Problem to solve:
Of the material below, the lines to be retyped are those from the line containing "P1016575.jpg (111.39 KB." through the line containing "ACM Fellow-UIUC信息检索大牛翟成祥教授讲述 交互式信息检索:模型、算法和评估", inclusive; reproduce them exactly.

Source information:
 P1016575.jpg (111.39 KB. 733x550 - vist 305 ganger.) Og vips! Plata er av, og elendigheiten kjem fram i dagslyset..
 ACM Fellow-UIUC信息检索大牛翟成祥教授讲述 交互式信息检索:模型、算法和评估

==

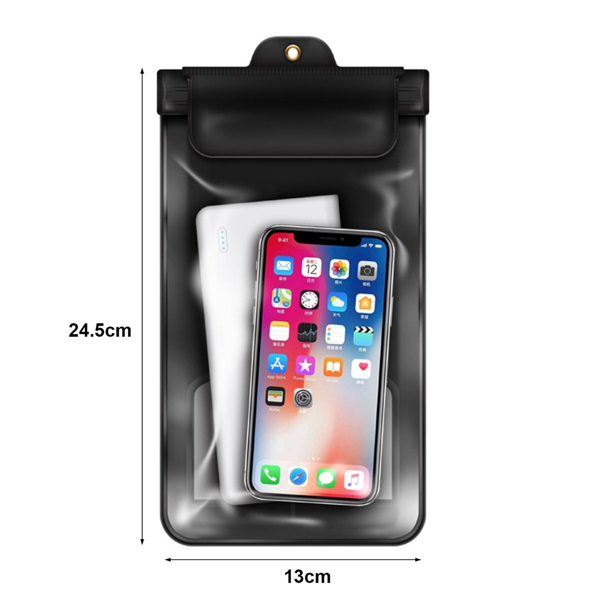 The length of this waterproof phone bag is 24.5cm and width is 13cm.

...

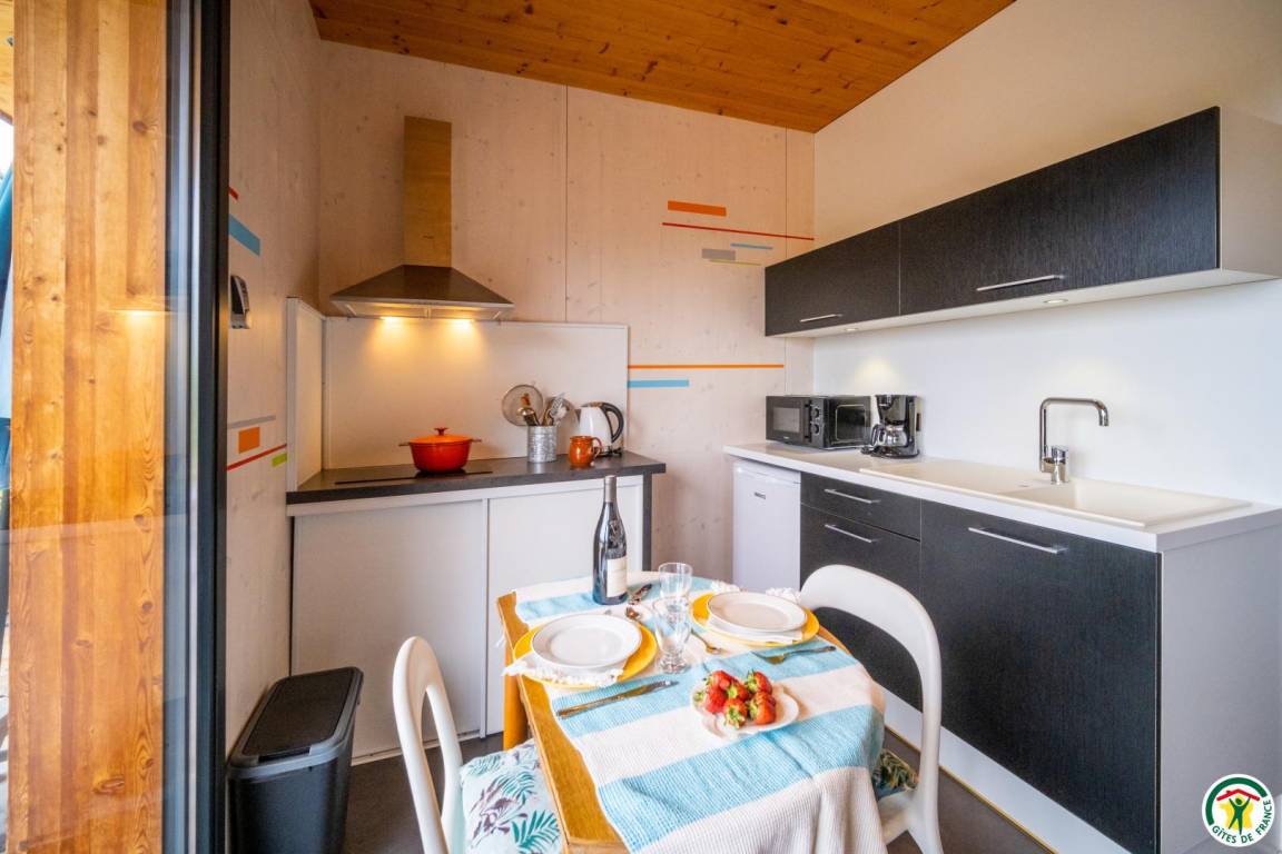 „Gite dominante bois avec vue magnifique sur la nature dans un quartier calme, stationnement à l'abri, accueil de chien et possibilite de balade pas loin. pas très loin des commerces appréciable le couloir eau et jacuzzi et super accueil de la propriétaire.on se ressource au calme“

Exercise output:
 P1016575.jpg (111.39 KB. 733x550 - vist 305 ganger.) Og vips! Plata er av, og elendigheiten kjem fram i dagslyset..
 ACM Fellow-UIUC信息检索大牛翟成祥教授讲述 交互式信息检索:模型、算法和评估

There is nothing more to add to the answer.